The attorneys general spearheading the legal challenge also submit that “no statute permits President Biden to unilaterally relieve millions of individuals from their obligation to pay loans they voluntarily assumed.”

Biden, however, has argued that he is able to unilaterally cancel student debt to mitigate the economic effects of the coronavirus pandemic. Specifically, writes National Review, a Department of Education memo released by his administration asserts that the HEROES Act,  which passed in 2003 and allows the secretary of education to provide student-debt relief “in connection with a war or other military operation or national emergency,” provides the legal basis for the cancellation.

But, National Review notes that the plaintiffs point out that Biden declared in a recent 60 Minutes interview that “the pandemic is over.”

The legal brief also adds:

“The [HEROES] Act requires ED [Education Department] to tailor any waiver or modification as necessary to address the actual financial harm suffered by a borrower due to the relevant military operation or emergency… This relief comes to every borrower regardless of whether her income rose or fell during the pandemic or whether she is in a better position today as to her student loans than before the pandemic.”
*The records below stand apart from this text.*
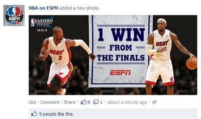 美國NBA on ESPN的官方臉書,居然在東區決戰搞出烏龍,在雙方第五戰還剩1分鐘時,就在臉書上傳了一張「熱火再一勝,成東區冠軍」的照片。發現出錯後才趕緊撤下,換上第...
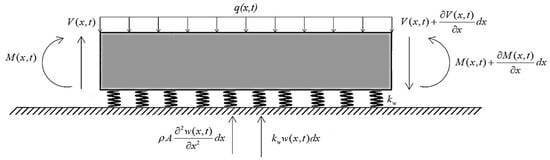 For the transverse vibration of an Euler–Bernoulli beam (shown in Figure 1) resting on a Winkler elastic foundation, the equilibrium conditions are:
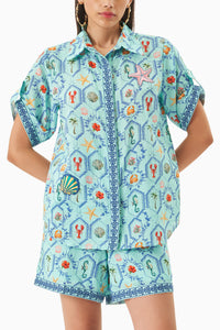 The seba stia n Coord set is Miri’s summer fun print - a pla y of flora l with na utica l motifs on a n a zure blue ba se - cool viscose-linen blend fa bric. The rela xed, loose-fitting shirt pa irs effortlessly with softly ela stica ted shorts OR pa nts , ensuring comfort in style. Borders with complimenta ry embroidery a re a ppliquéd on the shirt front a nd sleeves &a mp; silken threa d na utica l ba dges complete the pla yful Seba stia n Set.

Moreover, they argue that the HEROES Act was designed to allow the secretary to provide relief in individual cases with proper justification.

The first lawsuit against Biden’s executive order came Tuesday from the Pacific Legal Foundation:

“The administration has created new problems for borrowers in at least six states that tax loan cancellation as income. People like Plaintiff Frank Garrison will actually be worse off because of the cancellation. Indeed, Mr. Garrison will face immediate tax liability from the state of Indiana because of the automatic cancellation of a portion of his debt,” wrote PLF in their own brief.

The state-led lawsuit was filed in a federal district court in Missouri, and asks that the court “temporarily restrain and preliminarily and permanently enjoin implementation and enforcement of the Mass Debt Cancellation,” and declare that it “violates the separation of powers established by the U.S. Constitution,” as well as the Administrative Procedure Act.